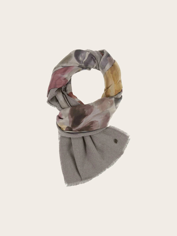 This elegant Fraas patchwork stole is special. The elegant silk scarf with a floral pattern is sewn onto a plain-colored stole. This combination makes the XL scarf a versatile and stylish companion. Whether wrapped around the neck or elegantly draped over the shoulders, this accessory is perfect for any occasion. A must-have for your elegant look!
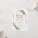 Procurando um convite de casamento para o ensaio de temas modernos e elegantes ou verdes?  Este design de luz apresenta uma fonte de caligrafia moderna e uma arte de linha geométrica em um falso rosa de ouro e dois arranjos de folhagem de aquarelas.  O fundo é uma imagem de mármore.
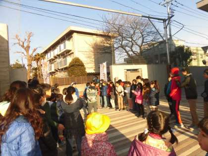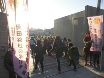 異学年で構成された縦割り班の子どもたちが、正門に立って元気よくあいさつをしています。地域の方や、保護者の方、世田谷中の生徒も参加してあいさつ運動を盛り上げてくださっています。一度にたくさんの人から元気よくあいさつされて、照れくさそうに通る子もいますが、笑顔であいさつを交わしています。
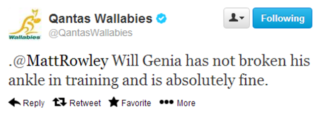 Wallaby fans were in a quiver when word of a Genia training ground injury, picked up after a purported Adam Ashley Cooper tackle, spread like wildfire across social media. Matt Rowley, editor of the Green and Gold Rugby website, contact the Wallabies and got this soothing message in response.
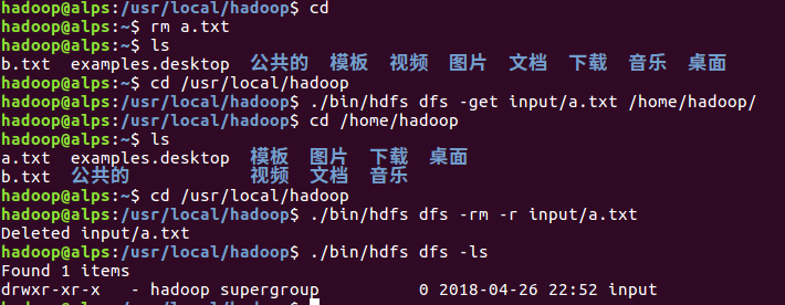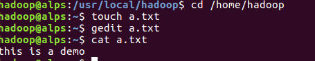1.在本地Linux文件系统的“/home/hadoop/”目录下创建一个文件txt,里面可以随意输入一些单词.
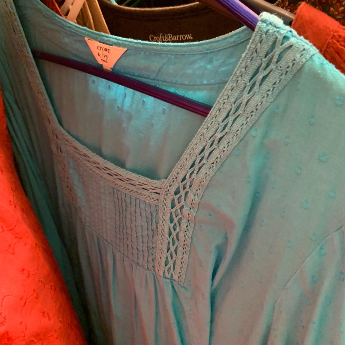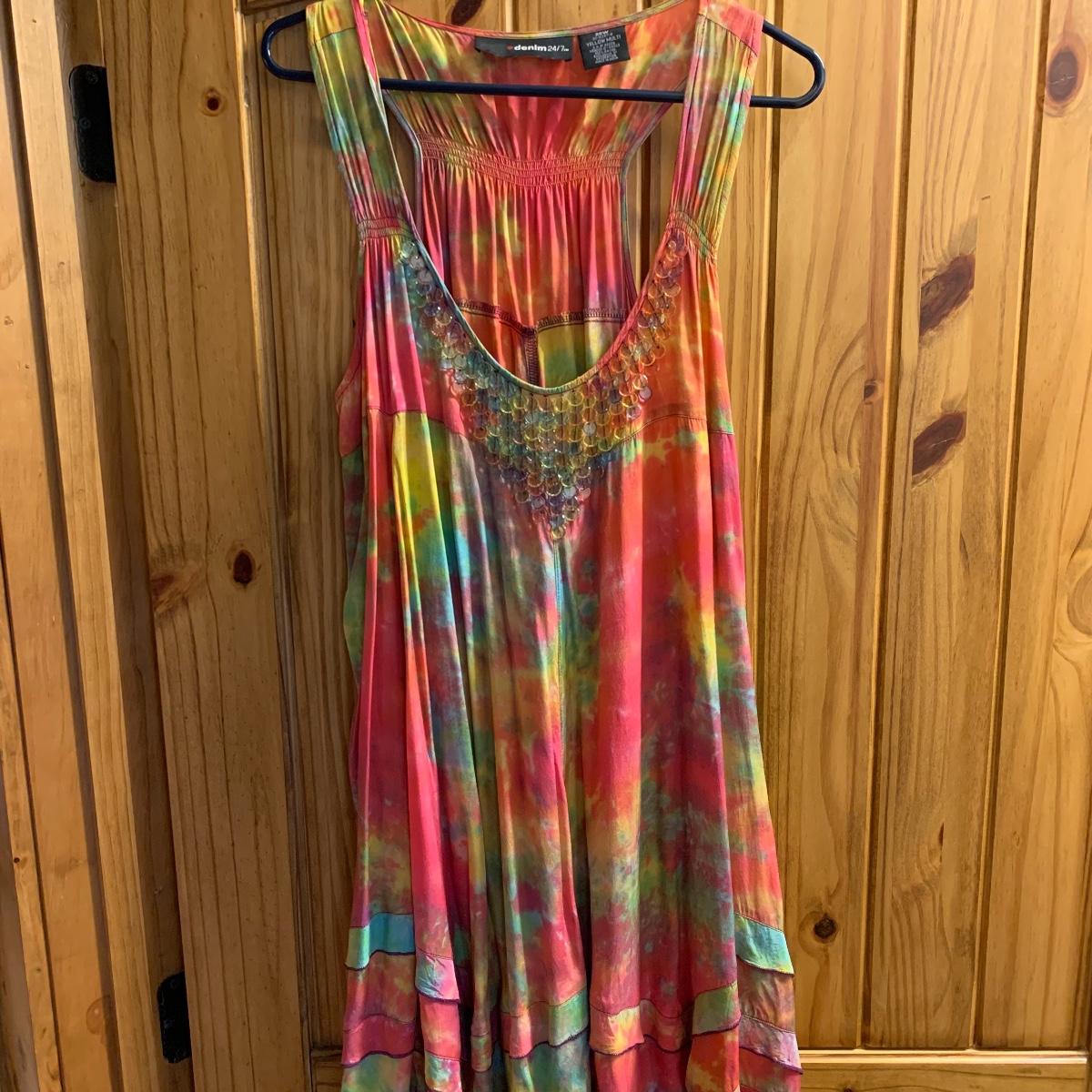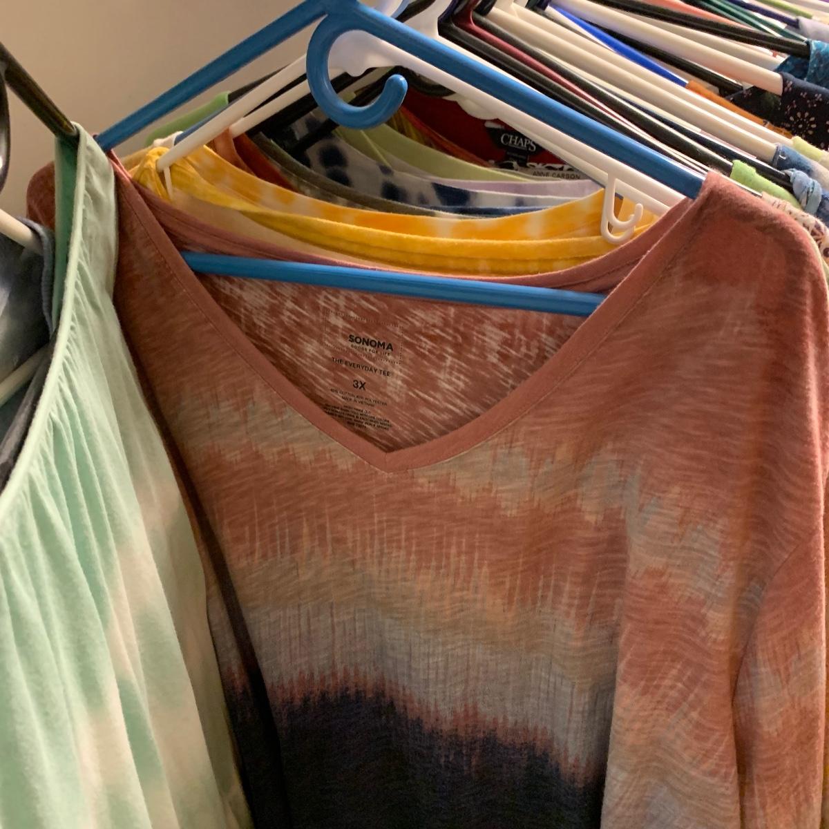 Free spirits take note, this is a great collection of tops and dresses. This lot includes several tye dye bohemian shirts, embroidered dresses, patterns, solid colors, and more. This lot includes the brands Champs, True Craft, Denim 247, Sonoma, Cato and more. All garments appear to be in good, clean condition, and are mostly size X3. Local
• • • •
> _ASSIGNMENT_: The answer should consist only of the lines from the line with "Procurando um convite" through the last line of the data, repeated exactly; pictures stay out.

> _YOUR RESPONSE_:
 Procurando um convite de casamento para o ensaio de temas modernos e elegantes ou verdes?  Este design de luz apresenta uma fonte de caligrafia moderna e uma arte de linha geométrica em um falso rosa de ouro e dois arranjos de folhagem de aquarelas.  O fundo é uma imagem de mármore.
 異学年で構成された縦割り班の子どもたちが、正門に立って元気よくあいさつをしています。地域の方や、保護者の方、世田谷中の生徒も参加してあいさつ運動を盛り上げてくださっています。一度にたくさんの人から元気よくあいさつされて、照れくさそうに通る子もいますが、笑顔であいさつを交わしています。
 Wallaby fans were in a quiver when word of a Genia training ground injury, picked up after a purported Adam Ashley Cooper tackle, spread like wildfire across social media. Matt Rowley, editor of the Green and Gold Rugby website, contact the Wallabies and got this soothing message in response.
1.在本地Linux文件系统的“/home/hadoop/”目录下创建一个文件txt,里面可以随意输入一些单词.
 Free spirits take note, this is a great collection of tops and dresses. This lot includes several tye dye bohemian shirts, embroidered dresses, patterns, solid colors, and more. This lot includes the brands Champs, True Craft, Denim 247, Sonoma, Cato and more. All garments appear to be in good, clean condition, and are mostly size X3. Local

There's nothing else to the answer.